To run a distributed trainig with several GPUs, run a2s-train-multigpu. Options are the same as in a2s-train, with some extra options to configure the distributed training:
--device-idsto select the specific GPUs to use. If not provided all available GPUs will be used.--dist-url: URL to set up distributed training. By defaulttcp://127.0.0.1:1550is used.--dist-backendto select th backend. By defaultncclis used.
a2s-train-multigpu --config-path config/quartets.cfg --data-dir ./datasets/ --data-id tag --model-path ./models/mymodel.pth ...
Use --mixed-precision option. It is not compatible with --no-cuda option.
as2-train --mixed-precision # Add your parameters as normal
Mixed precision can also be combined with multi-GPU:
as2-train-multigpu --mixed-precision # Add your parameters as normal
To continue from a checkpointed model that has been saved:
a2s-train --config-path config/quartets.cfg --data-dir ./datasets/ --data-id tag --model-path ./models/mymodel.pth --continue-from models/mymodel.last.pth
If you would like to start from a previous checkpoint model but not continue training, add the --finetune flag to restart training from the --continue-from model state.

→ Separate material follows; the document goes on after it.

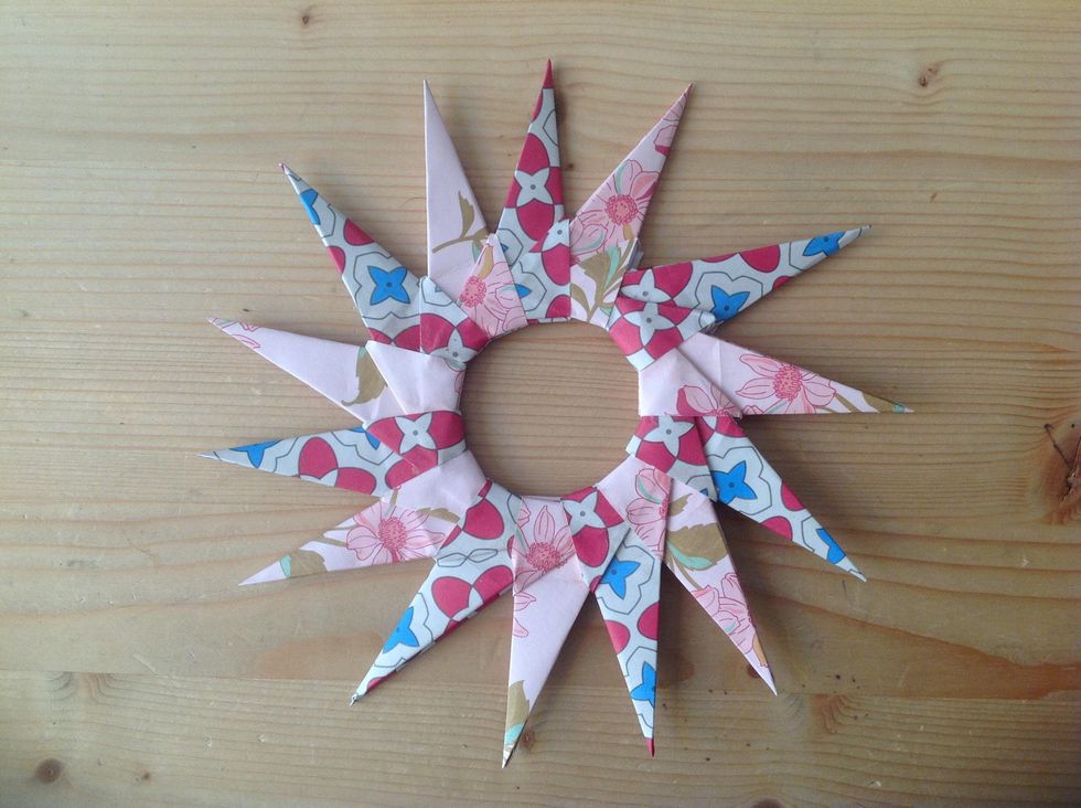Cut 14 squares of some origami paper. Mine was 9x9 cm (3,5x3,5 inches). It can be half of half, all colors mixed or all the same color/paper.

After each epoch a new checkpoint is always saved with the model name provided as argument, with extension .pth, if it is the best model so far, or with a suffix .last.pth instead, for the last model that is not the best so far.
Use a2s-test to evaluate a trained model on a test set:
a2s-test --test-manifest test_id.csv --model-path models/model_id.pth
This will create in the same model path a test_result.csv with the WER, CER and LER metrics for the current dataset and model. The results will be appended in the same file if it already exists.
Also, by default if --silent option is not provided, a log file <date>_test_<pathto/test_manifest.csv>_<model_id>.log is created with the decoded output and metrics for each sample in the dataset.
Run a2s-test --help for a complete list of options and default values.
Also, a2s-transcribe script is provided to output a single transcription from an audio file:
a2s-transcribe --model-path models/model_id.pth --audio-path /path/to/audio.flac
Use a2s-showmodel to display hyperparams and other training metadata of any checkpointed model:
a2s-showmodel models/model_id.pth
Initially project forked from Miguel Ángel Román
Some code is borrowed from Sean Naren.